The Porcupine Mountains, or Porkies, are a group of small mountains spanning the northwestern Upper Peninsula of Michigan in Ontonagon and Gogebic counties, near the shore of Lake Superior. The Porcupine Mountains were named by the native Ojibwa people, supposedly because their silhouette had the shape of a crouching porcupine. They are home to the most extensive stand of old growth northern hardwood forest in North America west of the Adirondack Mountains, spanning at least 31000 acre. The area is popular among tourists, especially Lake of the Clouds in the heart of the mountains, and is part of Porcupine Mountains Wilderness State Park.

The Porcupine Mountains were the site of copper mining in the 19th century. One of these mines is the Nonesuch Mine, which operated sporadically from 1867 to 1912. Because of its copper mining history, the state park is a cooperating unit of Keweenaw National Historical Park.

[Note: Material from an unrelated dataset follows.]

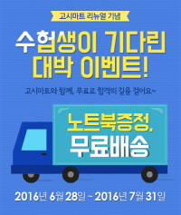 고시마트는 일부 도서를 제외한 도서 배송료 할인 이벤트와 함께 '대한민국 수험생들이 가장 사랑하는 도서·인강 사이트' 맞추기 등을 통해 노트북, 신세계상품권, 스타벅스 기프티콘 등을 제공할 예정이다.
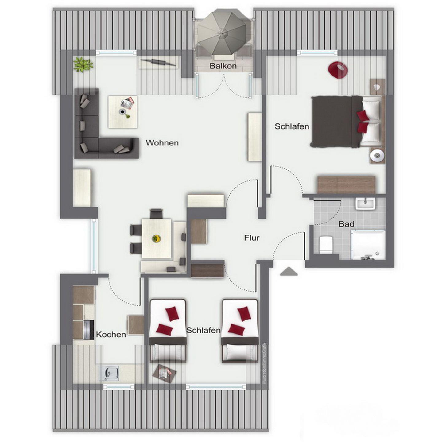 Vom Wohnzimmer aus erreichst du den möblierten Balkon. Dieser lädt zur Entspannung und Betrachtung von schönen Sonnenuntergängen ein. Eine bequeme Couchgarnitur und ein liebevoll gestalteter Essplatz sorgen für Gemütlichkeit. Eine Stereoanlage, eine Spieleauswahl sowie ein Flachbild-TV mit DVD-Player gehören ebenfalls zur Ausstattung.

In August 2026, Highland Copper, a Canadian mining company, received $50 million in funding from the Michigan Strategic Fund to construct a copper mine adjacent to the Porcupine Mountains. This project has received criticism over potential environmental harms to the Porcupine Mountains. Conversely, there is support for the potential economic benefits for Gogebic County.

==Geology==
The most striking geological feature of the Porcupine Mountains is the long basalt and conglomerate escarpment parallel to the Lake Superior shore and overlooking Lake of the Clouds, a continuation of the same copper-bearing bedrock found farther northeast on the Keweenaw Peninsula. A second ridge farther inland, on the other side of Lake of the Clouds, includes Summit Peak, the highest point in the mountains at 1,958 feet (595 m). Rivers, waterfalls, swamps, and lakes lie between the rocky outcroppings. There are a number of waterfalls on the Presque Isle River in the extreme western side of the park. The mountains are the remnants of an old stratovolcano.

==Meteorology==
The mountains are subject to heavy lake-effect snow from Lake Superior. The relatively high elevation of the mountains and their proximity to the lake provide perfect conditions for lake-effect snow, but no official records are maintained anywhere in the mountains. The closest National Weather Service station is in the coastal community of Ontonagon, where the annual average is about 200 in. Totals of well over 250 in annually are likely in the higher elevations. It is not uncommon to have 300 in seasons in this region.

==Flora and fauna==
The Porkies are the location of a large stand of old growth forest. In these virgin forests, sugar maple, American basswood, eastern hemlock, and yellow birch are the most abundant tree species.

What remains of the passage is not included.